• _Exercise description_
Could you repeat every line below exactly, skipping the images?
Supplied information START
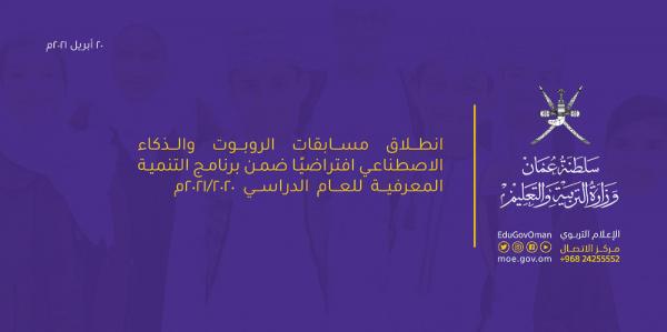 انطلقت صباح أمس الثلاثاء مسابقات الروبوت والذكاء الاصطناعي افتراضيًا ضمن برنامج التنمية المعرفية للعام الدراسي 2020/ 2021 بمشاركة 186 فريقا من مختلف المديريات التعليمية وتستمر لمدة 3 أيام.
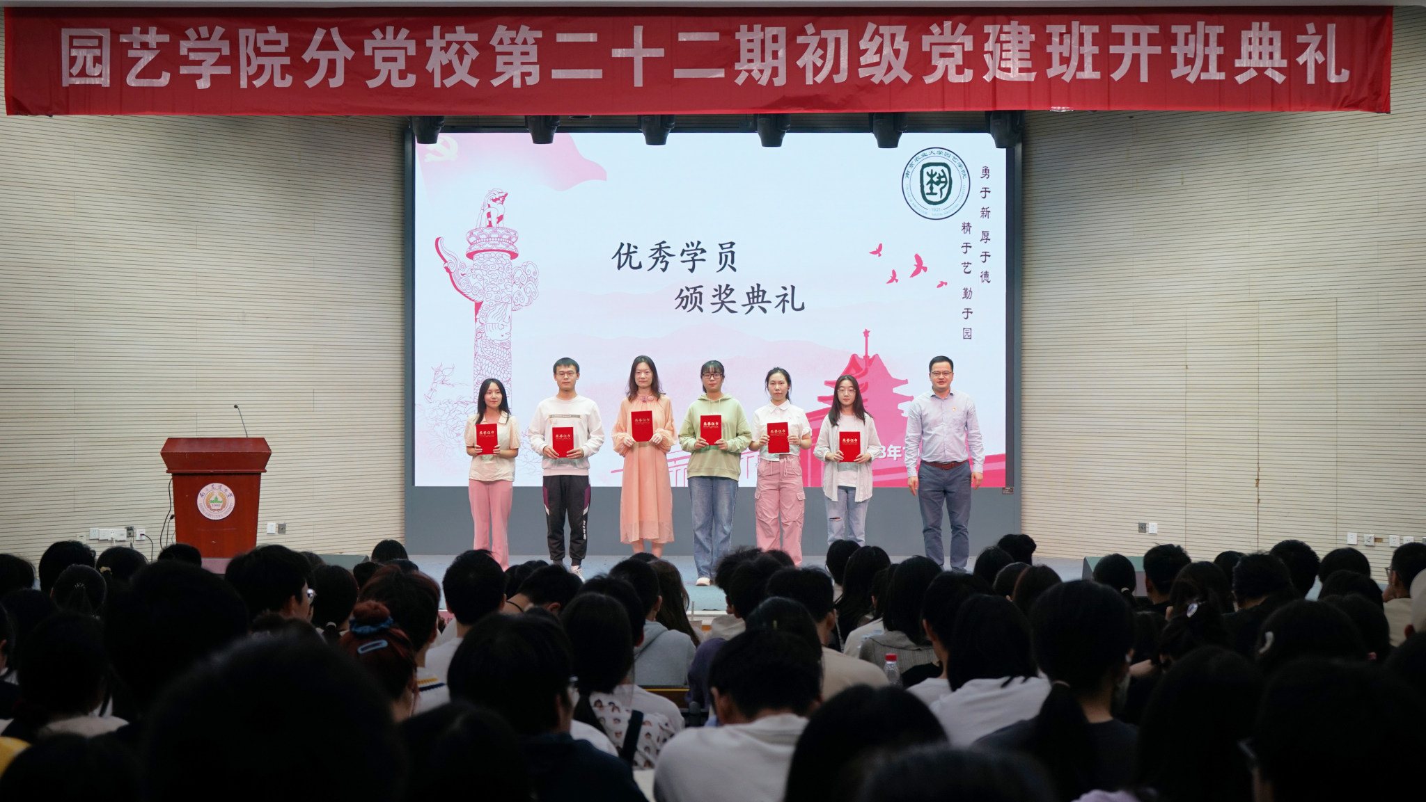在过去的一年里,第二十一期初级党建班系列活动如火如荼地开展,学员积极参与各项学习与活动,涌现出了一批表现突出的学员,窦靓宣读了表彰决定,韩健为优秀学员颁发证书。崔洋和鲁月分别介绍了第二十二期党建班课程概况和负责人职责,对参训的学员和各负责人提出了要求,勉励他们在思想上和行动上不断向党组织靠拢。刘圆晴和陈凤佳同学分别代表优秀学员和新学员发言,发出了园艺青年立志将青春梦与中国梦结合、将个人发展融入时代潮流的声音。
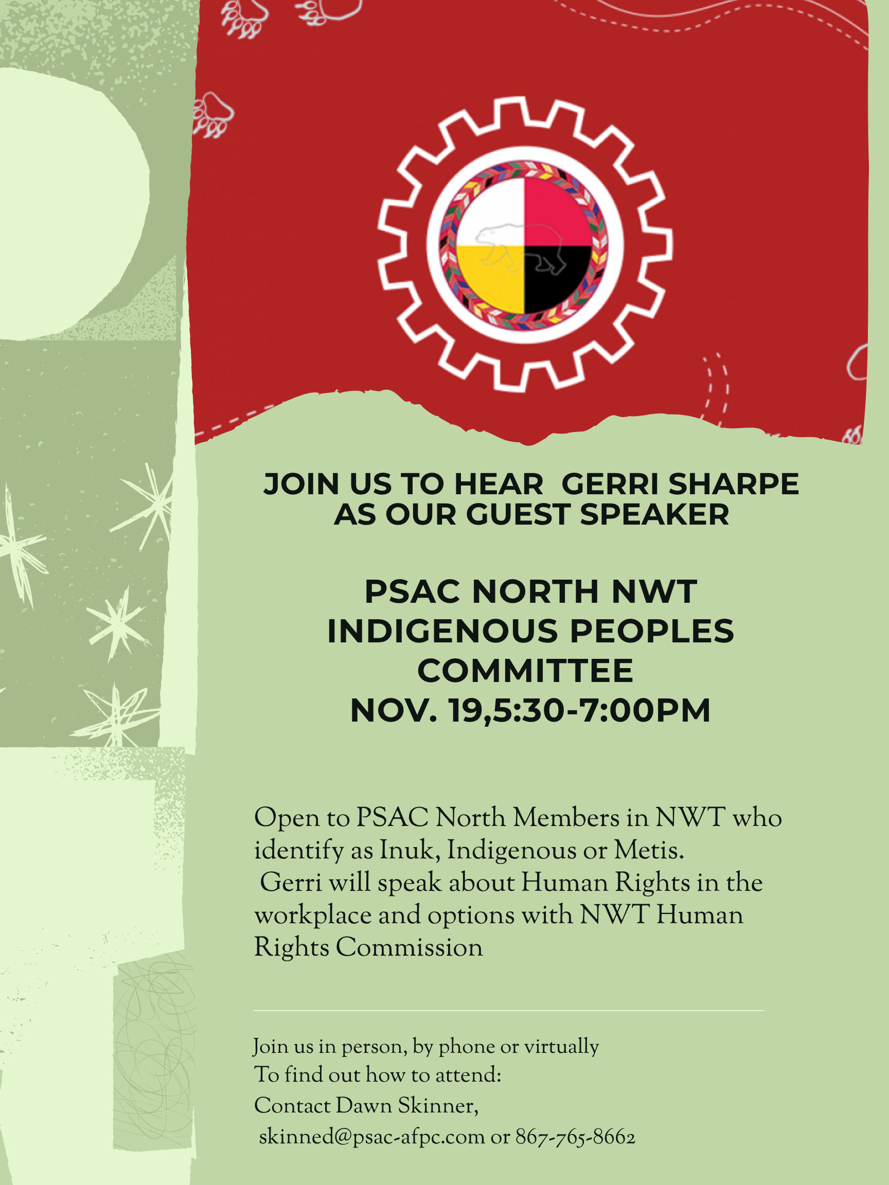 The NWT Indigenous Peoples Committee is open to All PSAC Indigenous Members in the NWT who identify as First Nation, Metis and Inuit and who are members in good standing.
Supplied information END
• _Exercise output_
 انطلقت صباح أمس الثلاثاء مسابقات الروبوت والذكاء الاصطناعي افتراضيًا ضمن برنامج التنمية المعرفية للعام الدراسي 2020/ 2021 بمشاركة 186 فريقا من مختلف المديريات التعليمية وتستمر لمدة 3 أيام.
在过去的一年里,第二十一期初级党建班系列活动如火如荼地开展,学员积极参与各项学习与活动,涌现出了一批表现突出的学员,窦靓宣读了表彰决定,韩健为优秀学员颁发证书。崔洋和鲁月分别介绍了第二十二期党建班课程概况和负责人职责,对参训的学员和各负责人提出了要求,勉励他们在思想上和行动上不断向党组织靠拢。刘圆晴和陈凤佳同学分别代表优秀学员和新学员发言,发出了园艺青年立志将青春梦与中国梦结合、将个人发展融入时代潮流的声音。
 The NWT Indigenous Peoples Committee is open to All PSAC Indigenous Members in the NWT who identify as First Nation, Metis and Inuit and who are members in good standing.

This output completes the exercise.